3.2. Bonus. For 1995 and thereafter, Employee shall
receive an annual bonus in an amount equal to 1/4 of 1% of Xxxxxx'x
income from operations ("operating income"), on the condition that the
operating income is at least 110% of the previous year's. In any event,
Xxxxxxxxxx shall be entitled to an annual minimum guaranteed bonus of
$45,000 per year. Attached as Exhibit A is the Company's Income
Statement in which operating income as defined herein is reported. In
the event of an acquisition or merger increasing Xxxxxx'x operating
income above that recorded for 1994, any bonus based on this additional
income shall be subject to the reasonable discretion of the Chief
Executive Officer. Subject to the provisions of Section 6.3b below,
each bonus payment hereunder is due on the condition that Xxxxxxxxxx is
employed with the Company when the company-wide annual bonuses are paid.

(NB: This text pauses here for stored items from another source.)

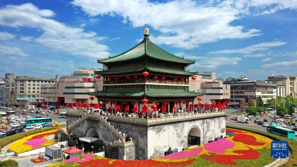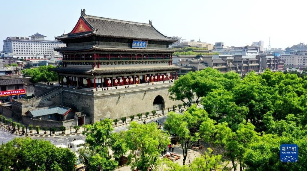 西安鐘樓(5月1日攝,無人機照片)。
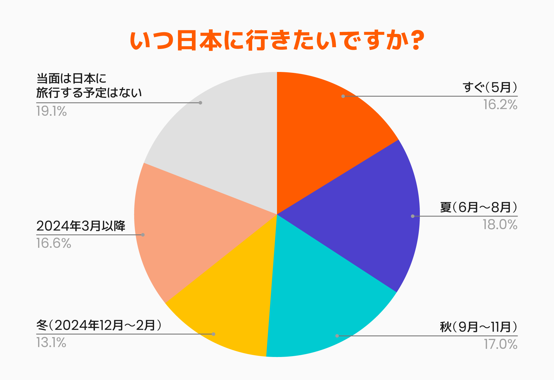 「いつ日本に行きたいですか?」との質問(n-628)に対し、「すぐ(5月)」という回答が16.2%、「この夏(6月〜8月)」が18.0%、「この冬(2024年12月〜2月)」が13.1%、「2024年3月以降」が16.6%、「当面は日本に旅行する予定はない」が19.1%となり、合わせて6割以上がこの冬までに日本へ旅行に行きたいという結果になりました。
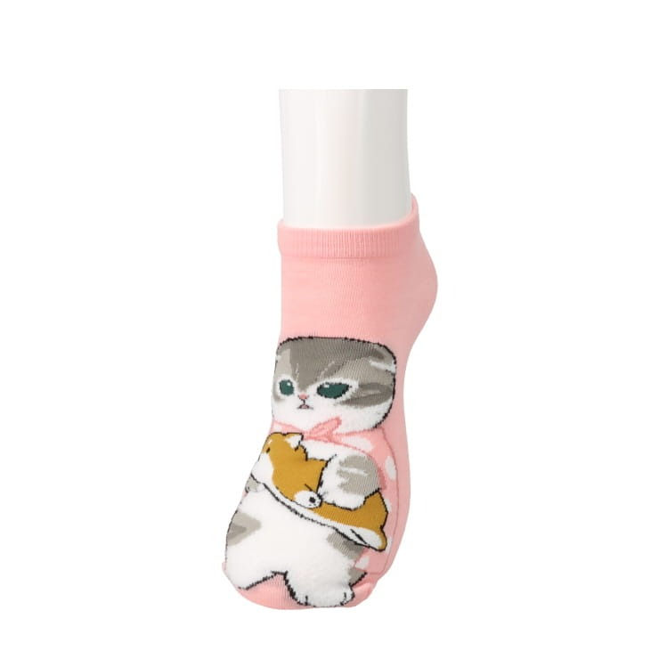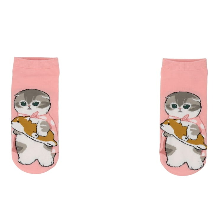 柴犬を抱っこした柄の「mofsand」デザイン靴下です。
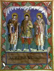 | 21:50, 6. Nov. 2018 | Karl der Grosse mit den Paepsten Gelasius und Gregor I.jpg (Datei) | 176 KB | Karl der Große mit den Päpsten Gelasius und Gregor I. (aus dem ''Sakramentar von Karl dem Kahlen'', um 870) Kategorie:9. Jahrhundert | 1 | |
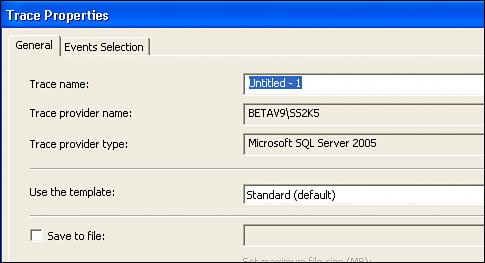 | 3. | This opens the Trace Properties dialog, shown in Figure III.2. If you accept the default properties, you'll probably get the unfettered stream of commands I've been talking about, so let's set the needed filters to make sure you see only pertinent events. Click on the "Events Selection" tab.
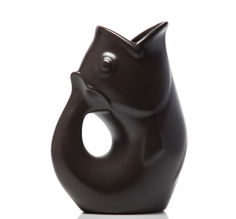 A Fish Shaped Water Pitcher That Gurgles. Add a touch of whimsy to the table with a Gurgle Pot. Designed with simple, graceful lines and crafted of durable stoneware, this pitcher produces a delightful "gurgle" as it serves your favourite beverage. Pour, Read more
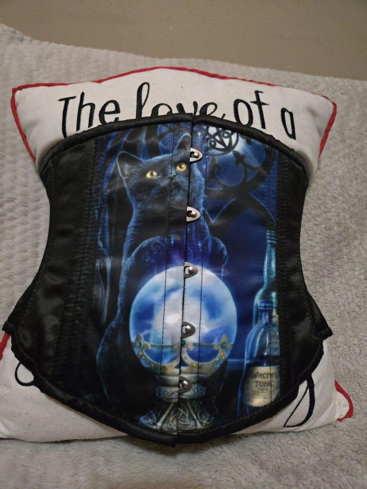 Mystical cat corset with crystal ball print. 26-inch waist goal, 11-inch length—perfect for whimsical, spooky style!
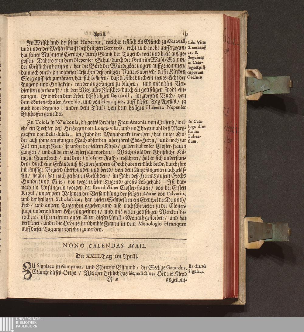 Kurtze Lebens Verfassung Der Heiligen und Seeligen Auch Berühmbten Männer Deß Heiligen Cistercienser Ordens / Von dem Hochwürdig- und Hochgelehrten Herren Claudio Chalemot, der heiligen Schrifft Pariser Facultät Doctorn, und deß Closters der Seeligen Mariæ de Columba Strengerer Observantz/ und gemelten Ordens Abbten/ in Lateinischer Sprach beschrieben. Jetzo aber ... gantz fleissig in die Teutsche Sprach übersetzt Durch R. P. F. Nivardum Henrici, Deß im Rhein-gau gelegenen Cistercienser Ordens Closters Eberbachs Professum ...
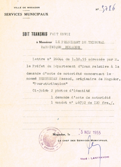 TRANSMIS ADRESSÉ LE 05/11/1955 AU PRÉSIDENT DU TRIBUNAL RABBINIQUE DE MOGADOR
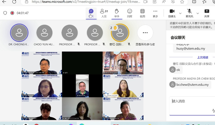 8月29日上午,我校國際交流與合作部攜手馬來西亞知名學(xué)府——馬六甲技術(shù)大學(xué)(UTeM),舉辦了以“研究生升學(xué)與研究計劃撰寫指導(dǎo)”為主題的線上研討會。此次研討會吸引了來自校內(nèi)各二級學(xué)院的四十余名教師積極參與,共同探索研究生教育的國際視野與科研創(chuàng)新的新路徑。

3.3. Payment. All compensation to Employee hereunder
shall be paid in accordance with all relevant Xxxxxx directives, rules,
and regulations and cost accounting policies in effect from time to time
and shall be subject to all applicable employment and withholding taxes.
4. Other Employment Benefits:
4.1. Xxxxxx'x insurance and benefit plans will be available to
Employee and his dependents on the same basis as it is currently
provided.
4.2. Employee will receive each year a three-week paid
vacation.
4.3. Employee also will be entitled to participate in the
Xxxxxx 401-K plan, profit sharing plan, and stock option plans.

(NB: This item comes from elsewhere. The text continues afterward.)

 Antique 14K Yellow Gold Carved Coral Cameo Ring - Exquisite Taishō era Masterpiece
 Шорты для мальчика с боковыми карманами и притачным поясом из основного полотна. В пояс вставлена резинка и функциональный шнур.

Effective November 1, 1994 Xxxxxxxxxx has been granted options to
purchase 15,000 shares of Xxxxxx Group common stock pursuant to the
Company's Omnibus Equity Incentive Plan. For each year in which this
Employment Agreement is effective pursuant to Section 2.1. above,
Xxxxxxxxxx shall be entitled to a grant of options to purchase 15,000
shares of common stock under the Company's then existing stock option
plan.
4.4. The Company will pay all of Xxxxxxxxxx'x reasonable moving
expenses for him and his immediate family to move from Dallas, Texas to
the San Francisco Bay Area in an amount not to exceed $20,000 upon
presentation of reasonable invoices for moving expenses.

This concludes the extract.